* _WORK ITEM_
Verbatim copy without images: return all of the data as it stands.

* _SUPPLIED MATERIAL_

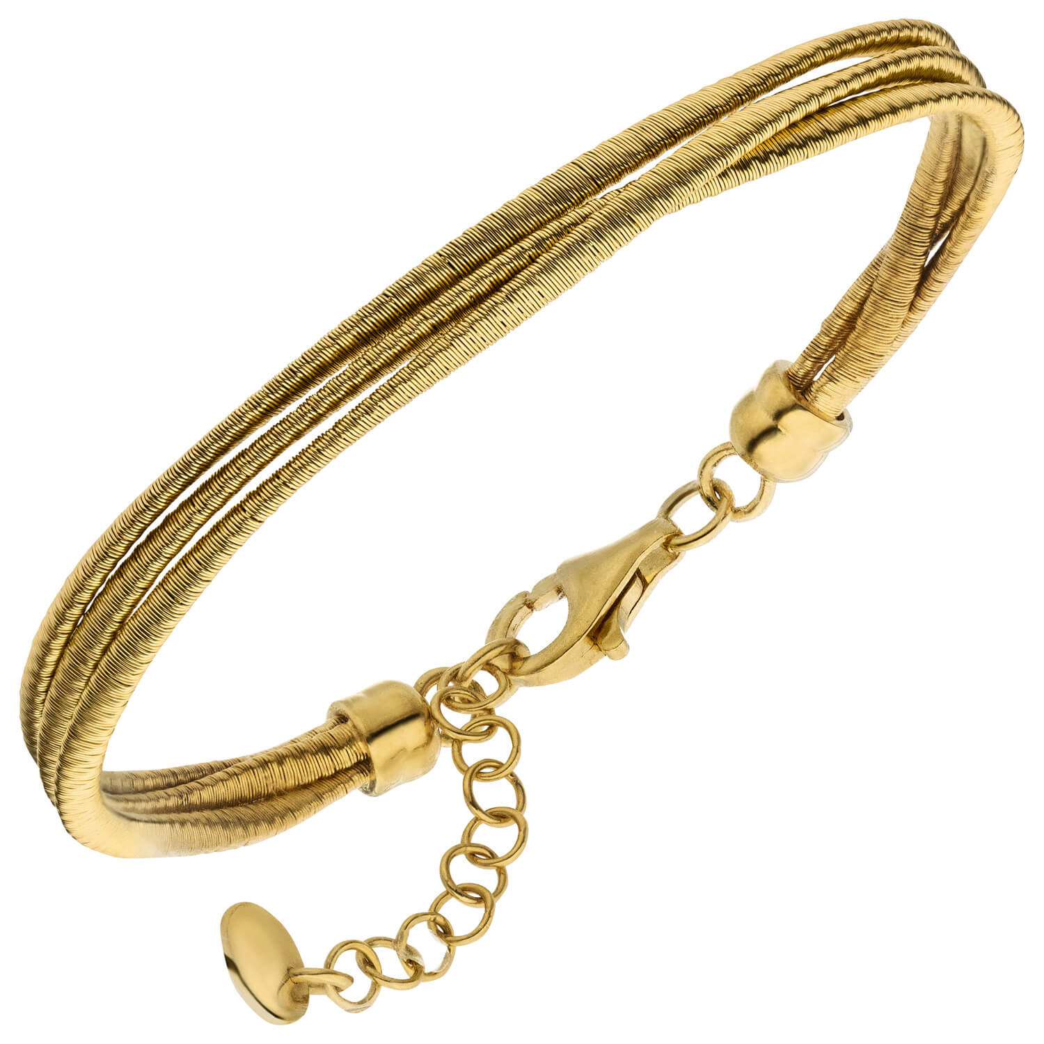 3-reihiges Armband aus 925 Sterlingsilber, vergoldet und teilmattiert, mit Karabinerverschluss
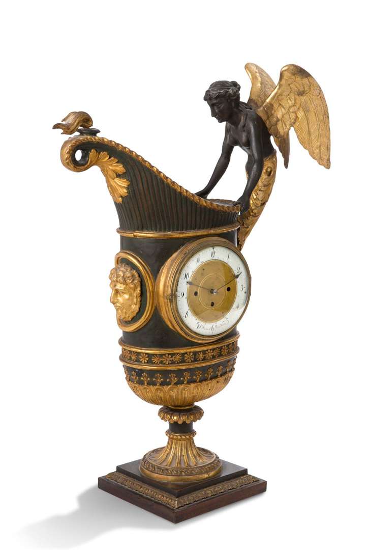 GRANDE PENDULE en forme de lampe antique sur piédouche en bois peint et doré. La anse est à décor d'une figure de jeune femme ailée, dont le corps se termine en feuille d'acanthe. La panse est ornée sur le côté d'un masque de barbu| à mi-corps d'une frise de fleurons alternant avec des palmettes, et de godrons rayonnants. Base de forme carrée à décor d'une frise de feuilles d'acanthe. Vienne, XVIIIe siècle
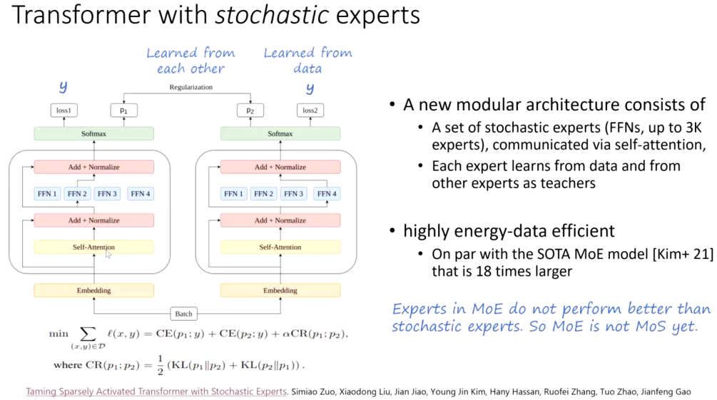 在模型架构上,高教授团队提出了Transformer with Stochastic Experts [4]。该工作参考了专家网络(Mixture of Experts,MoE)的思路,为Transformer模型设计了不同的前馈网络(Feed Forward Network)子结构作为随机专家(stochastic experts),它们之间通过自注意力机制进行交互。每个专家可以从数据中学习,也可以从其它专家上进行学习。该方法能够在参数更少的情况下与最先进的专家网络方法取得可比的结果。

* _RESULT OF THE EXERCISE_
 3-reihiges Armband aus 925 Sterlingsilber, vergoldet und teilmattiert, mit Karabinerverschluss
 GRANDE PENDULE en forme de lampe antique sur piédouche en bois peint et doré. La anse est à décor d'une figure de jeune femme ailée, dont le corps se termine en feuille d'acanthe. La panse est ornée sur le côté d'un masque de barbu| à mi-corps d'une frise de fleurons alternant avec des palmettes, et de godrons rayonnants. Base de forme carrée à décor d'une frise de feuilles d'acanthe. Vienne, XVIIIe siècle
 在模型架构上,高教授团队提出了Transformer with Stochastic Experts [4]。该工作参考了专家网络(Mixture of Experts,MoE)的思路,为Transformer模型设计了不同的前馈网络(Feed Forward Network)子结构作为随机专家(stochastic experts),它们之间通过自注意力机制进行交互。每个专家可以从数据中学习,也可以从其它专家上进行学习。该方法能够在参数更少的情况下与最先进的专家网络方法取得可比的结果。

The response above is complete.